雷姫は負けたくない
俺はクラウディアの提案を了承した。
場所を学園長室から貸切状態の武闘館へ移し、学園長の許可のもと、壇上に聖域が展開される。
イーサンと戦った入学演武のときと同じ魔術だ。この中でなら、たとえ本気で戦ってもケガをしない。
聖域に入ったクラウディアが、双剣神薙を構えた。
まだ剣術を学んで一ヵ月も経っていないのに、以前よりも構えが様になっている。いい感じだ。
「驚いた、クラウディアさんも剣術を使うんだね」
「私もルチノが剣を出したときは驚いたわ。あんたとは一度戦ってみたかったのよね」
「そうなんだ、それはまたどうして?」
レイピアを構えたルチノさんが無邪気に微笑む。
彼女の構えも堂に入るものだった。少なくとも、一朝一夕で身につけたレベルではない。
「あんた、授業で一度も本気を出したことないでしょ」
「…………」
「別に答えなくていいわ──嫌でも本気を出させてあげるからッ!」
最初に仕掛けたのはクラウディアだ。
雷魔術によって強化された脚力で、ルチノさんを双剣の間合いに捉える。
「悪いけど一瞬で終わらせるわ。ハイド流双剣術──【千羽鴉!】」
激しい金属音が連続で鳴り響く。
華麗に舞いながらも怒涛の剣撃を浴びせるクラウディアの剣術は、見ていて気持ちがいい。
でも、剣術の練度は、ルチノさんのほうが上だ。
クラウディアの双剣は、ルチノさんの剣捌きに阻まれている。
「あんまりこういうこと言いたくないんだけど、クラウディアさん」
ルチノさんは涼しい顔をしたまま、クラウディアの剣撃を左腕で受けた。
なるほど、土属性魔術でつくった籠手か。
「その程度でハイドくんの名前を語るの、やめたほうがいいと思うよ」
目を見開いたクラウディアを、風属性魔術を纏ったレイピアの一突きが吹き飛ばす。
剣術だけじゃない。土と風、ふたつの属性の魔術もかなりのものだ。
ルチノさんは、一年生にしては戦闘慣れしすぎている。
「くっ……!」
クラウディアはギリギリのところでルチノさんの猛攻を躱し、防ぎ続けている。
けど完全じゃない。魔法障壁は半分からゼロへと徐々に削られている。
一方で、ルチノさんの魔法障壁はほとんど満タンの状態だ。
クラウディアの剣術はおろか、雷魔術も通用していない。
剣術も魔術も、ハッキリ言ってルチノさんが遥かに上回っていた。
普通の生徒の範疇を超えている。
『それをオヌシが言うんか』
師匠の声が聞こえた気がした。
それよりも、これ以上は──
「ねえ、ハイドくん。君に直接相手をお願いするってのはダメかな」
「……っ! 待ちなさいよ、私はまだ負けてない!」
「そんなボロボロなのに私に勝つつもりなの?」
「ボロボロかどうかは、関係ない!」
疲弊しきった体で繰り出す剣撃がルチノさんに届くはずもなく、横っ腹を蹴とばされたクラウディアは横転する。

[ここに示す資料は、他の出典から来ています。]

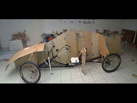Рукастый парень. И смелый. Я бы на картонке побоялся на дорогу суваться.

転がったクラウディアを見下ろしながら、ルチノさんは温度のない声を発した。
「一応言っておくけど、私弱い者いじめは趣味じゃないんだ。クラウディアさんだってわざわざ傷つく必要ないと思うよ。これは体じゃなくて心の話ね」
「私は、弱くなんか、ない……!」
なおも立ち上がるクラウディアを、ルチノさんは目を細めて見つめる。
「……負けん気が強いのは結構なことだと思うけどさ──」
ルチノさんがため息をつきながら、細剣を構えた。
彼女を纏う空気が変わる。
「──本当によかったね。ここが聖域の中で!」
突進。
勝負を終わらせんとする烈風の如き刺突は──クラウディアに届くことはなかった。
クラウディアの全身が青白く発光する。
雷鳴と共に彼女の中心から発せられた衝撃波が、ルチノさんの攻めを躊躇させる。
「だから言ったでしょ、私は弱くなんかないって。だって」
体中に電気を帯びたクラウディアは、少しだけ俺のほうを見て、桜色の唇をひらいた。
「私の師匠が、私を強いって言ってくれたから──!」
「──えっ、消えた……!? があぁっ!」
クラウディアの双剣が、初めてルチノさんを捉えた。